British finance minister Philip Hammond avoided a potentially embarrassing slip-up before June’s parliamentary election as he hit his budget deficit target for the 2016/17 financial year, but his fiscal challenge is likely to get harder.
The shortfall in the public accounts fell by nearly 28 percent to 52 billion pounds in the 12 months to the end of March, helped by the strength of the economy since the Brexit vote and one-off factors, official figures showed on Tuesday.
This was in line with a forecast set out in March by the country’s budget watchdog, the Office for Budget Responsibility (OBR). At 2.6 percent of gross domestic product, the deficit was the smallest since the eve of the global financial crisis, and no longer high by international standards.
Furthermore, it was smaller than previous OBR forecasts including one made before British voters delivered their shock decision to leave the European Union last June.
Even so, the deficit is expected to rise in the 2017/18 financial year as one-off factors that helped the government last year – such as changes in the timing of payments to the EU budget and the impact of changes on dividend taxation – unwind.
Looking further ahead, whoever wins the national election on June 8 needs to work out how to pay for rising costs related to the ageing of Britain’s population.
“While the deficit is now approaching a more sustainable level, there will still be some tough choices ahead on tax and spending for the next government,” John Hawksworth, chief economist at accountancy firm PwC, said.
Last week, Hammond suggested he wanted the ruling Conservative Party to drop its promise not to raise income taxes, sales tax or social security contributions, saying they limited his flexibility to manage the economy.
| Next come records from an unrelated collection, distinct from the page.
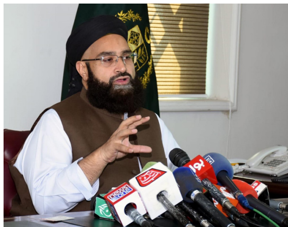
discussed taking practical steps for resolving the issues of Islamophobia, blasphemy on a permanent basis. Pakistan was expanding co-

Saudi Crown Prince Muhammad bin Salman has accepted the invitation to visit Pakistan. The most important leaders of the Arab Islamic world would visit Pakistan during the year 2021. He said the establishment of Pak Saudi Supreme Co-ordination Council, agreements in various fields would strengthen religious, trade, economic and social ties. The Prime Minister during his meetings with the leadership of Saudi Arabia, Organization of Islamic Cooperation, Rabita-e-Alam-e-Islami and Imams of the Holy Mosques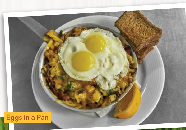
Eggs in a Pan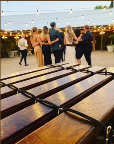
Our company band performed at a number of beautiful weddings and end-of-year corporate events!

Last month, he had to scrap plans to raise payroll taxes for the self-employed after he was accused of breaking a commitment on taxes in the Conservatives’ 2015 election manifesto.
The hole in Britain’s public finances has shrunk sharply since hitting a peak of nearly 10 percent of GDP shortly after the global financial crisis. It has now returned to its level from before the crisis and is in line with the shortfalls in many other rich economies around the world.
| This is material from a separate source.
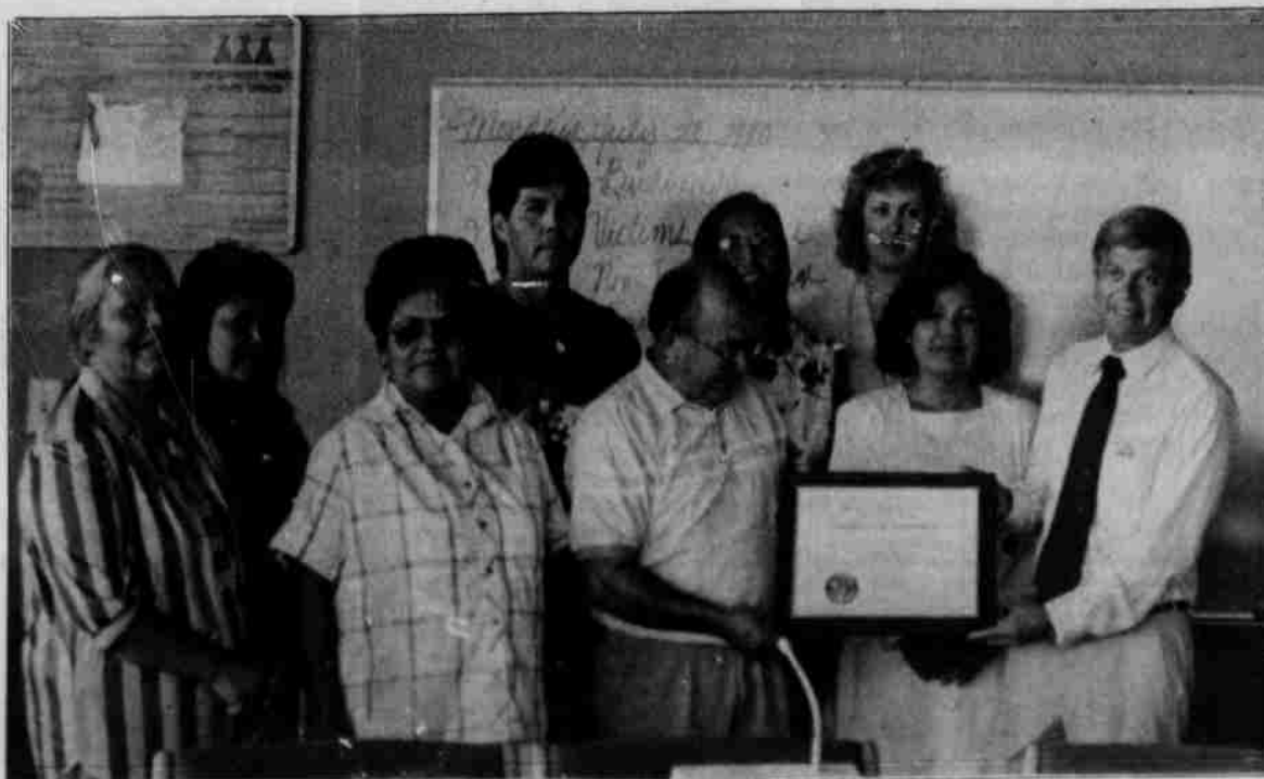
Help for victims

Britain’s debt office said it was cutting its debt issuance plans for this year by nearly 1 billion pounds.
An overshoot of the latest OBR forecast would have been a fiscal embarrassment for the government before the election.
Former finance minister George Osborne once said he would eliminate the deficit, on one measure, by 2015. But this goal is unlikely to be reached before 2018/19, and the headline gauge of the public finances is now expected to remain in the red well into the next decade.
In the month of March alone, the deficit was higher than expected at 5.1 billion pounds, up nearly 20 percent from the same month last year. Economists taking part in a Reuters poll had on average predicted a shortfall of 3.2 billion pounds.
A slowdown in growth in tax revenues in March was a new sign that Britain’s economy is losing its momentum of last year, Pantheon Macroeconomics’ Samuel Tombs said.
In the 2016/17 financial year as a whole, corporation tax revenues rose above their pre-crisis levels for the first time in a full financial year.